I need to mention something that came up often in my counselling rooms as a reason that boy friendships disintegrated. We must stop this homophobic teasing of boy friendships. This can come from men as well as other boys, and it needs to stop. Calling boys who are close friends ‘gay’ or worse, has contaminated many boy friendships – and it again may have seemed an attempt at being funny without a planned intention to hurt – and yet it has.
My youngest son met his best mate at preschool. All the way through primary school, they tended to spend alternate weekends at each other’s houses and were rarely apart on weekends. These two young boys are now 28 years of age and even though they are both engaged to be married, their friendship is as strong as ever. They do remember having an argument once when they were nine and for this reason, when they headed off to university, they chose not to share a house in case they might have another argument!
As a parent you can do many things to support your older boy to develop friendships:
- Prioritise having his friends who are boys spend significant amounts of time in your home, especially in the early years from 2-8.
- Do everything you can to support their common interest – whether that be building go-karts, racing motorbikes, dance, having a band, playing a sport or surfing.
- Know that food can be a bonding experience for boys – ensure many loaves of bread are always available.
- Have gentle conversations at times with your son about how to be a ‘good’ friend.
- Teach your son to say ‘I’m sorry I hurt you’ – even when he never meant to.

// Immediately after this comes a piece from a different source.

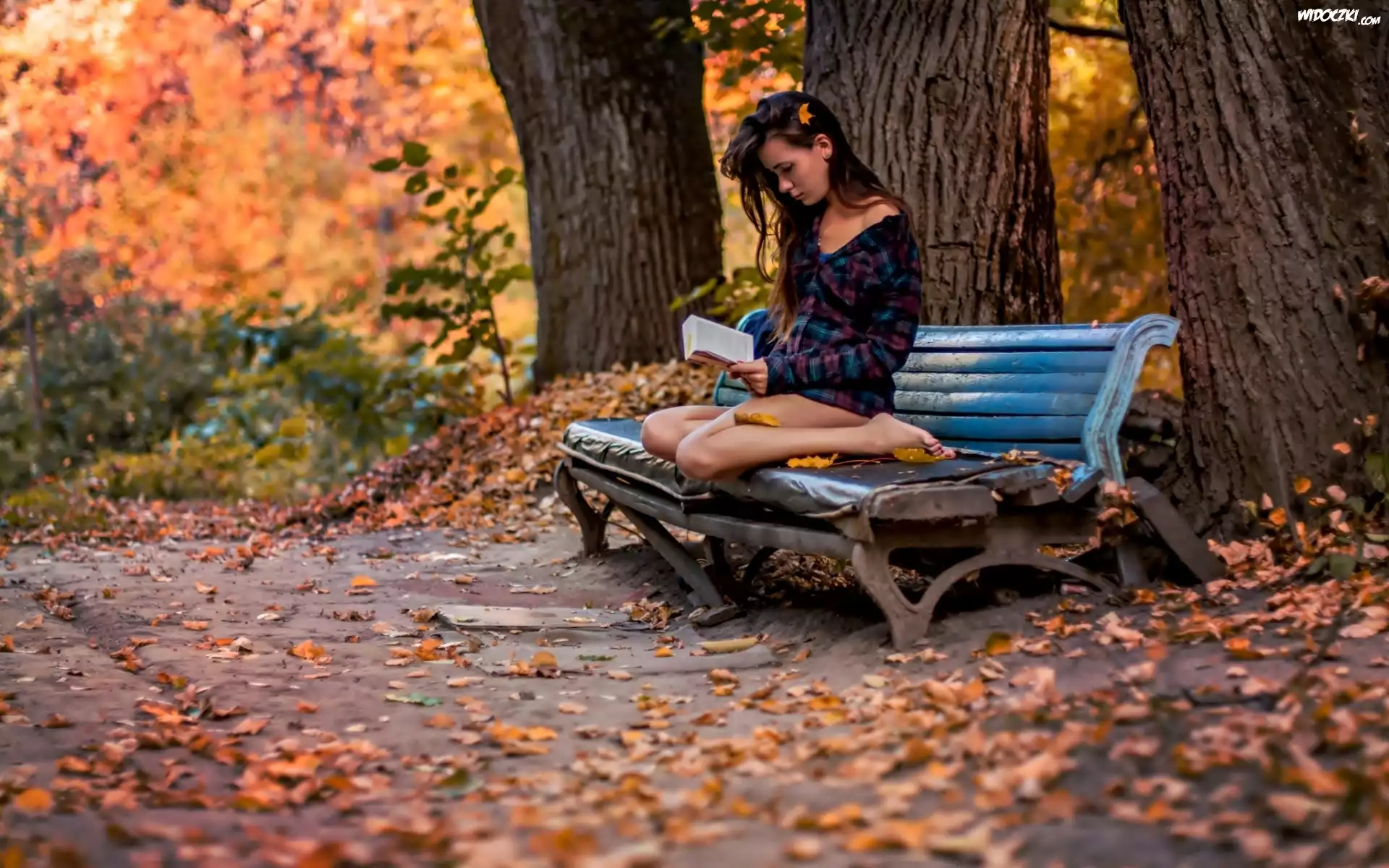 Zdjęcia, Park, Drzewa, Liście, Jesień, Ławka, Kobieta, Książka

- Help him to remember his friend’s birthday, and help him to know how to support his friend if an adverse event occurs in his friend’s life.
- Ask warmly about his friends from time to time – don’t interrogate, just ask.
- Express your affection for his friends.
- Always tell his friends they are welcome at your home and your door will always be open to them.
- Reassure your son that you will always love him, no matter what happens in life.
Please help all little boys learn how to be good friends – don’t leave it to chance. It is too important.